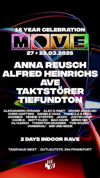 Die gefeierte DJ und Produzentin Anna Reusch ist bekannt für ihren kraftvollen, melodischen und gleichzeitig kompromisslos treibenden Sound. Zwischen Peak-Time-Techno, hypnotischen Elementen und emotionalen Breaks schafft sie es immer wieder, Dancefloors komplett in ihren Bann zu ziehen. Genau diese Energie macht ihren Auftritt bei „Move: 16 Years“ zu einem der Highlights des Abends.
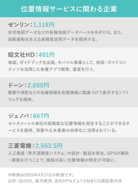 4月19日は「地図の日」。日本地図を初めて正確に作った伊能忠敬が、1800年(寛政12年)に、国土測量のために江戸を出発した日にちなんで制定されました。現在の地図情報や位置情報は、衛星からの電波を利用して、地球上の現在地を特定するGPS (Global Positioning System)が使われています。地図アプリやカーナビゲーションに加え、自動運転やドローンへとサービスが広がりつつあります。そこで今回は、位置情報サービスに関わる企業をご紹介します。
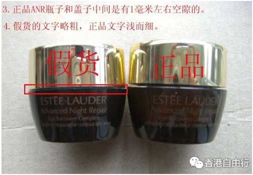 防骗第二招:看雅诗兰黛瓶盖和瓶子之间的空隙 正品瓶盖和瓶子有一点空隙,假货没有。正品的文字浅,而且细。
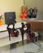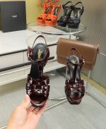 Saint Laurent Tribute 酒红色漆皮厚底凉鞋
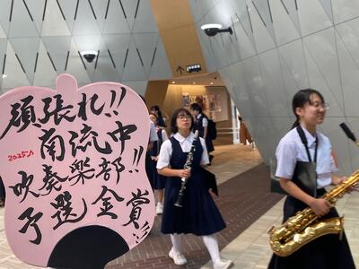 ▼テスト明けの南流中では、「あいさつ運動」が行われていました。中庭に元気な声が飛び交います。
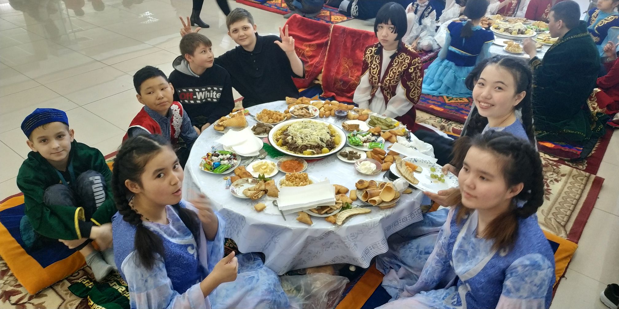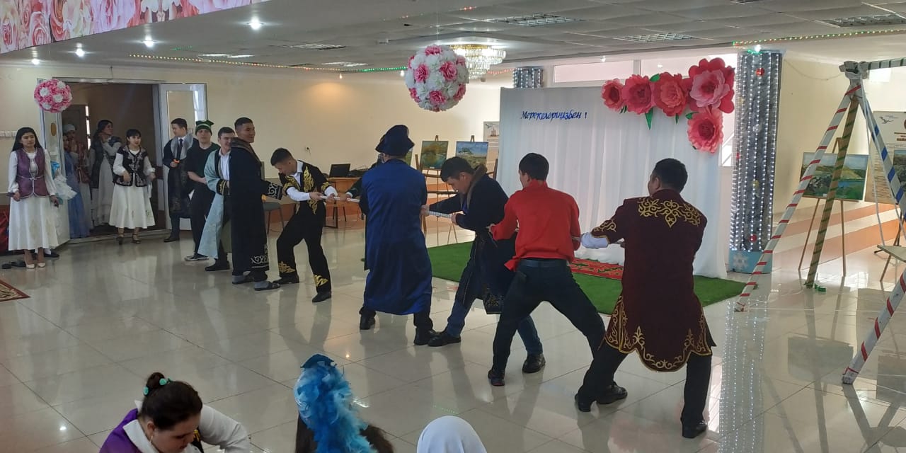 Содан кейін «Бесікке салар», «Тұсау кесер», «Сырға салу» сияқты қазақтың салт-дәстүрлері көрсетіліп, «Спорттық ойындар» ойналды.
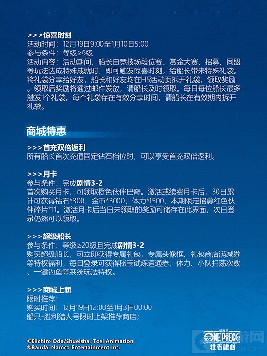 1万+金币,瓦帕、Mr.2、日奈、烟鬼、阿龙、克里克、路飞、佐罗、奈美、撒谎布、乔巴、山智、爱比达等多位伙伴活跃可得!
*-*-*
### Exercise prompt
Repeat exactly the lines above, from the line containing "сияқты қазақтың салт-дәстүрлері" through the last line of the records, inclusive; omit any pictures.

### Reply
 Содан кейін «Бесікке салар», «Тұсау кесер», «Сырға салу» сияқты қазақтың салт-дәстүрлері көрсетіліп, «Спорттық ойындар» ойналды.
 1万+金币,瓦帕、Mr.2、日奈、烟鬼、阿龙、克里克、路飞、佐罗、奈美、撒谎布、乔巴、山智、爱比达等多位伙伴活跃可得!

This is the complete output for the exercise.